ESTUDOS DE LINGUAGEM NAS CIÊNCIAS HUMANAS

3 O DISCURSO NEOLIBERAL E A ESFERA JORNALÍSTICA

3.3 O DISCURSO NEOLIBERAL EM DIÁLOGO COM OS JORNAIS O ESTADO DE S PAULO (OESP), FOLHA DE S PAULO (FSP) E O GLOBO (OG)

3.3.1 O Estado de S Paulo e a tradicional defesa dos valores do discurso neoliberal Em termos ideológicos, segundo Fonseca (2001b), OESP é um veículo de

comunicação que percorreu um sinuoso caminho de um jornal secular que, por mecanismos diversos, utilizou-se da onda neoliberal para tentar estabelecer uma nova hegemonia, em que a esfera privada obtivesse a precedência em relação ao Estado e o capital sobre o trabalho. Secularmente, OESP caracteriza-se por defender posições liberais/conservadoras e tradicionalistas. Sua visão de mundo vincula a liberdade, sobretudo de mercado, com a defesa da ordem e da hierarquia social.

(...) OESP caracteriza-se por requerer uma economia liberal. Nesta, se não apoia o radical “Estado mínimo” (...) insiste dogmaticamente caber à iniciativa privada o papel de produzir riquezas. Ao Estado caberia por um lado uma postura suplementar no que diz respeito ao seu papel como agente econômico e, por outro lado e de suma importância, acreditamos, uma atuação pragmática. (FONSECA, 2001b, p. 100).

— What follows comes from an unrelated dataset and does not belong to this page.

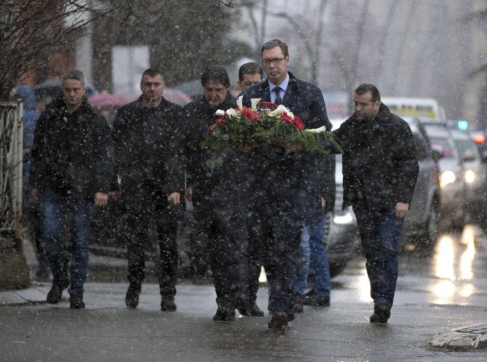 Vučić je nakon toga u pratnji direktora Kancelarije za KiM Marka Đurića, šefa BIA Bratislava Gašića, predsednika opština sa severa Kosova i predstavnika Srpske liste polaganjem venca odao počast tragično ubijenom Ivanoviću.

Ainda segundo Fonseca (2001b), OESP promove discursos que propõem uma luta incansável contra o Estado intervencionista, apontando seus principais problemas, entre eles: os gastos excessivos da máquina pública; a contraposição entre os setores público e privado, em que este último seria fortemente sufocado pelas atividades estatais; e a burocracia, através de seus inúmeros tentáculos, sobretudo o funcionalismo. Para OESP, os grandes males da economia e da sociedade brasileiras não teriam sido superados: o excesso de estatização, a proteção ao empresariado nacional, o poder e a extensão da burocracia e a pusilanimidade da autoridade pública (FONSECA, 2001b). Entre o conjunto de valores críticos à ação do Estado defendidos pelo jornal OESP destacam-se:

a) separação entre sociedade e Estado; b) proteção dos indivíduos perante o aparato estatal; c) valorização do Estado como árbitro do cumprimento de contratos; d) precedência da iniciativa privada em relação ao Estado; e) necessidade de previsibilidade na gestão monetária; f) maior possibilidade de aplicação do monetarismo ortodoxo; (...). (FONSECA, 2001b, p.101).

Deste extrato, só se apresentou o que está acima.